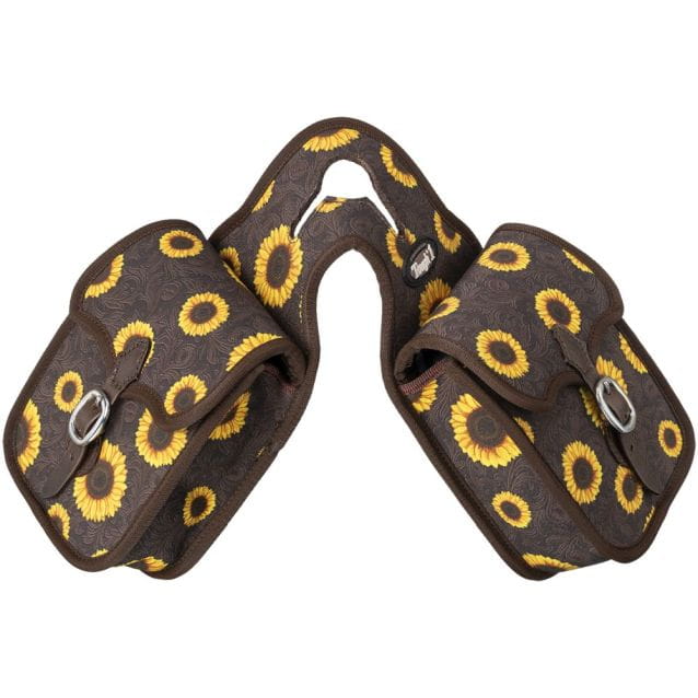 Diese Horntasche ist aus wetterbeständigem 1200-Denier-Material in einer Vielzahl von lustigen und farbenfrohen Drucken gefertigt. Alle Kanten sind präzise zugeschnitten und genäht, um Stärke und Haltbarkeit zu gewährleisten. Die 6 x 7 x 2 Zoll großen Taschen werden mit einem Lederriemen und einer verstellbaren Schnalle geschlossen, damit Ihre Sachen unterwegs sicher verstaut sind. Lässt sich leicht über die meisten Sattelhörner schieben.
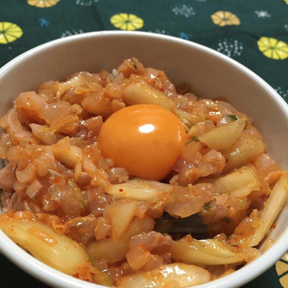 ユッケ自体はマゴチの軍艦巻きのレシピとほぼ変わらないので省作り方は省略。
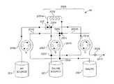 In certain embodiments, the MPDS may include no controllable valves, and in particular, no pinch valves. An exemplary fluid path set is illustrated in the schematic ofFIG. 1. In the fluid path set ofFIG. 1, fluid flow is controlled by the action of three roller pumps (A, B, C). Each roller pump simultaneously contacts two separate portions of the fluid path set and maintains fluid flow of two segments of the fluid path set. In some embodiments, each roller pump A, B, C, may operate unidirectionally, i.e., rotate only in one direction. In other embodiments, one or more of the roller pumps may be capable of rotating in both a forward and reverse direction, and in still other embodiments, all of the roller pumps may be capable of operating in forward and reverse directions. With regard to the schematic ofFIG. 1, each roller pump is unidirectional, rotating in the directions identified by the arrows.
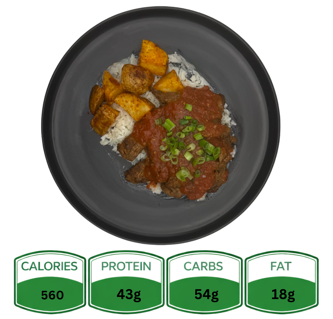 Our lighter take on the classic Peruvian favorite — tender marinated steak simmered in a rich lomo tomato sauce and served with crispy roasted potatoes. High-protein, chef-crafted, and made with clean ingredients for bold flavor without the heaviness.
======
**WHAT TO WORK ON**
All of the lines above should be retyped precisely, apart from the pictures.

**ANSWER SPACE**
 Diese Horntasche ist aus wetterbeständigem 1200-Denier-Material in einer Vielzahl von lustigen und farbenfrohen Drucken gefertigt. Alle Kanten sind präzise zugeschnitten und genäht, um Stärke und Haltbarkeit zu gewährleisten. Die 6 x 7 x 2 Zoll großen Taschen werden mit einem Lederriemen und einer verstellbaren Schnalle geschlossen, damit Ihre Sachen unterwegs sicher verstaut sind. Lässt sich leicht über die meisten Sattelhörner schieben.
 ユッケ自体はマゴチの軍艦巻きのレシピとほぼ変わらないので省作り方は省略。
 In certain embodiments, the MPDS may include no controllable valves, and in particular, no pinch valves. An exemplary fluid path set is illustrated in the schematic ofFIG. 1. In the fluid path set ofFIG. 1, fluid flow is controlled by the action of three roller pumps (A, B, C). Each roller pump simultaneously contacts two separate portions of the fluid path set and maintains fluid flow of two segments of the fluid path set. In some embodiments, each roller pump A, B, C, may operate unidirectionally, i.e., rotate only in one direction. In other embodiments, one or more of the roller pumps may be capable of rotating in both a forward and reverse direction, and in still other embodiments, all of the roller pumps may be capable of operating in forward and reverse directions. With regard to the schematic ofFIG. 1, each roller pump is unidirectional, rotating in the directions identified by the arrows.
 Our lighter take on the classic Peruvian favorite — tender marinated steak simmered in a rich lomo tomato sauce and served with crispy roasted potatoes. High-protein, chef-crafted, and made with clean ingredients for bold flavor without the heaviness.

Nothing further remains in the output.